**EXERCISE AIM**. For the records below, output word for word the lines from the one with "7.2.10 Stamford Medium" up to and including the one with "Seeming to defy". No pictures.

**RECORDED INFORMATION**.
######

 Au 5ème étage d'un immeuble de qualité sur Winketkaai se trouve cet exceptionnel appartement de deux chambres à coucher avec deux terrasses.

######

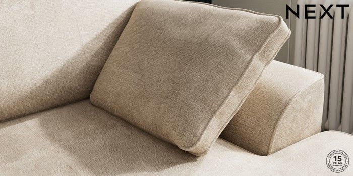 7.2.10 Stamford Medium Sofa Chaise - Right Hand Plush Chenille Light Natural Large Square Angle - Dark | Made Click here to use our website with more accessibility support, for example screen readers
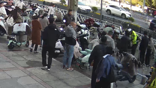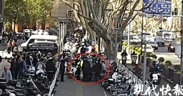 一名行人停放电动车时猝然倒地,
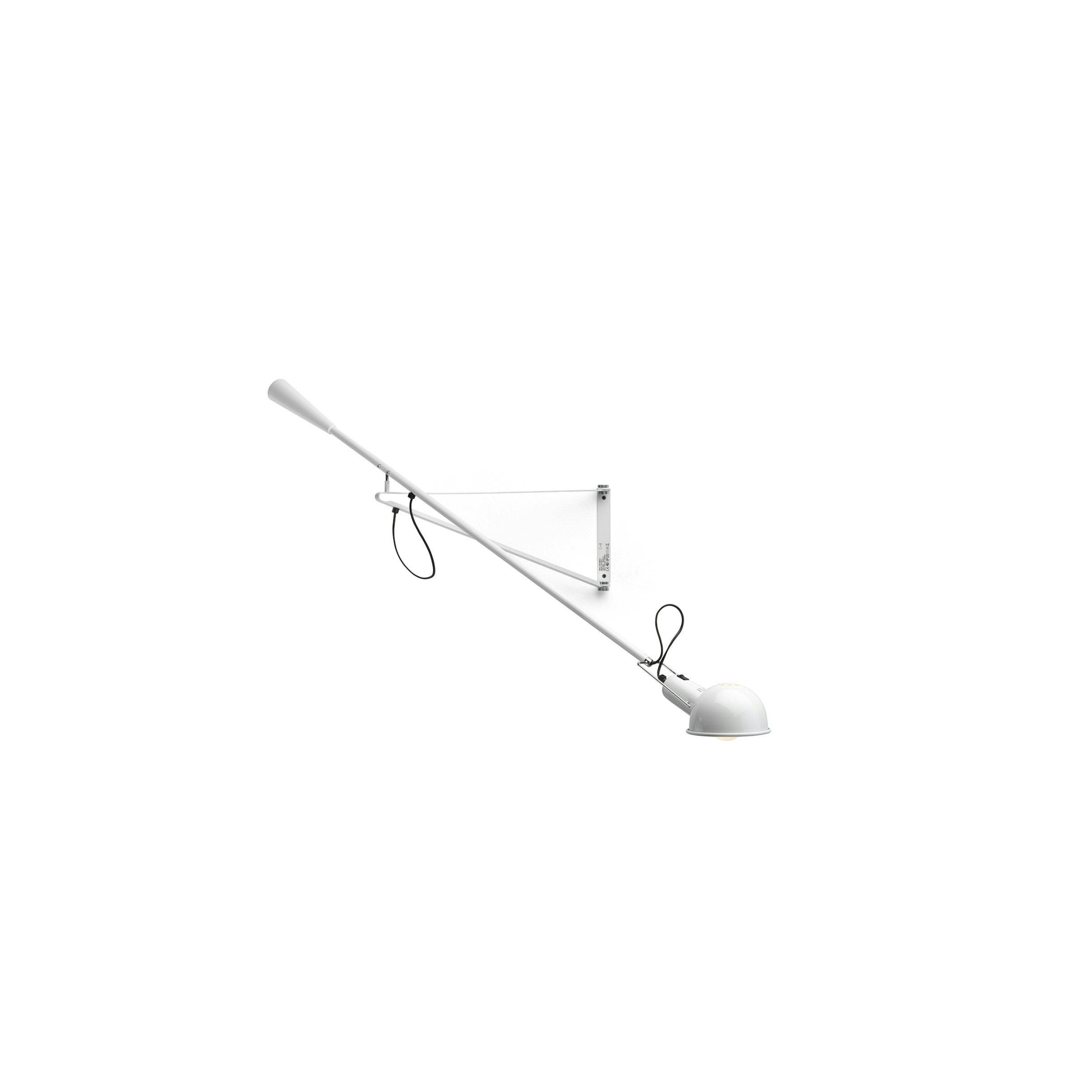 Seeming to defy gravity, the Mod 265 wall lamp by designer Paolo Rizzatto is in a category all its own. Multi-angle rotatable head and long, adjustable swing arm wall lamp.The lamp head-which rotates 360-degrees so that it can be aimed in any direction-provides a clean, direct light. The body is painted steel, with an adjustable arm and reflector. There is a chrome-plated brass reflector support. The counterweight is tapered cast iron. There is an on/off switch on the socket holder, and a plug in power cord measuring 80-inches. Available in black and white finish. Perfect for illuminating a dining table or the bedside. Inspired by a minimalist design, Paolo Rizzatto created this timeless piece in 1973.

######

**THE ANSWER**.
 7.2.10 Stamford Medium Sofa Chaise - Right Hand Plush Chenille Light Natural Large Square Angle - Dark | Made Click here to use our website with more accessibility support, for example screen readers
 一名行人停放电动车时猝然倒地,
 Seeming to defy gravity, the Mod 265 wall lamp by designer Paolo Rizzatto is in a category all its own. Multi-angle rotatable head and long, adjustable swing arm wall lamp.The lamp head-which rotates 360-degrees so that it can be aimed in any direction-provides a clean, direct light. The body is painted steel, with an adjustable arm and reflector. There is a chrome-plated brass reflector support. The counterweight is tapered cast iron. There is an on/off switch on the socket holder, and a plug in power cord measuring 80-inches. Available in black and white finish. Perfect for illuminating a dining table or the bedside. Inspired by a minimalist design, Paolo Rizzatto created this timeless piece in 1973.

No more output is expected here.